### DATASET CONTENT
Start of Block
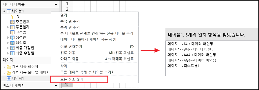 참조를 찾을 데이터 테이블을 선택하고 마우스 오른쪽 버튼을 클릭하고 마우스 오른쪽 버튼 클릭 메뉴에서 모든 참조 찾기를 선택하면 하단에 검색된 참조가 표시되고 검색된 참조를 두 번 클릭하면 해당 데이터 테이블을 참조하는 요소로 이동합니다.
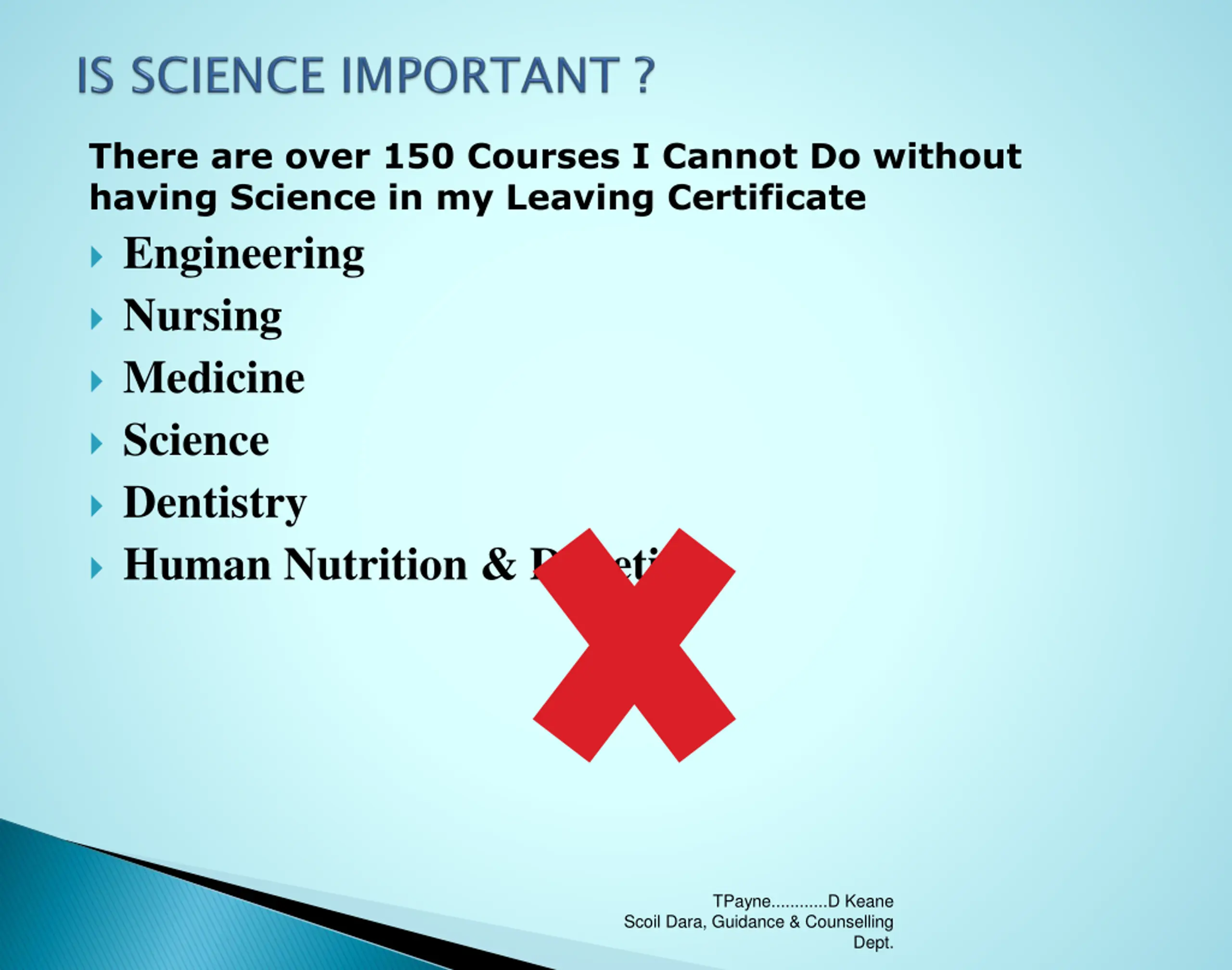 There are over 150 Courses I Cannot Do without having Science in my Leaving Certificate Engineering Nursing Medicine Science Dentistry Human Nutrition & Dietetics TPayne............D Keane Scoil Dara, Guidance & Counselling Dept.
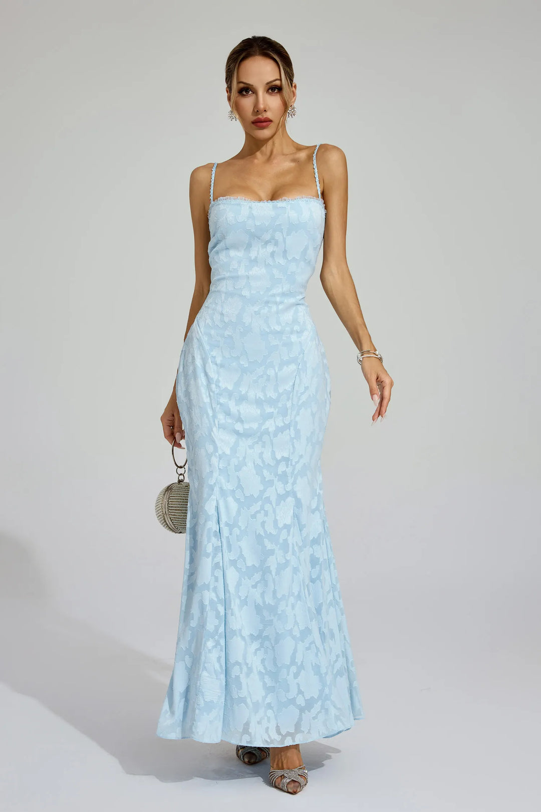 Anita Dantel Detaylı Jakarlı Maxi Elbise Mavi
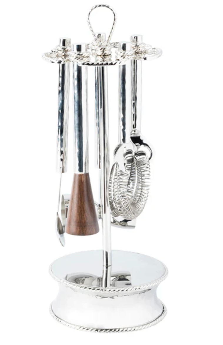 Hammered stainless steel bedecked with a tidy trimming of simple thread, this bar tool set is as handsome as it is supremely useful when crafting a cocktail, such as our favorite Monaco Mule! Set includes stand and five tools: double-sided jigger, cocktail strainer, bar spoon, bottle opener and muddler
End of Block
### TASK GOAL
Output the material above exactly, without pictures.

### RESULT FOR THIS TASK
 참조를 찾을 데이터 테이블을 선택하고 마우스 오른쪽 버튼을 클릭하고 마우스 오른쪽 버튼 클릭 메뉴에서 모든 참조 찾기를 선택하면 하단에 검색된 참조가 표시되고 검색된 참조를 두 번 클릭하면 해당 데이터 테이블을 참조하는 요소로 이동합니다.
 There are over 150 Courses I Cannot Do without having Science in my Leaving Certificate Engineering Nursing Medicine Science Dentistry Human Nutrition & Dietetics TPayne............D Keane Scoil Dara, Guidance & Counselling Dept.
 Anita Dantel Detaylı Jakarlı Maxi Elbise Mavi
 Hammered stainless steel bedecked with a tidy trimming of simple thread, this bar tool set is as handsome as it is supremely useful when crafting a cocktail, such as our favorite Monaco Mule! Set includes stand and five tools: double-sided jigger, cocktail strainer, bar spoon, bottle opener and muddler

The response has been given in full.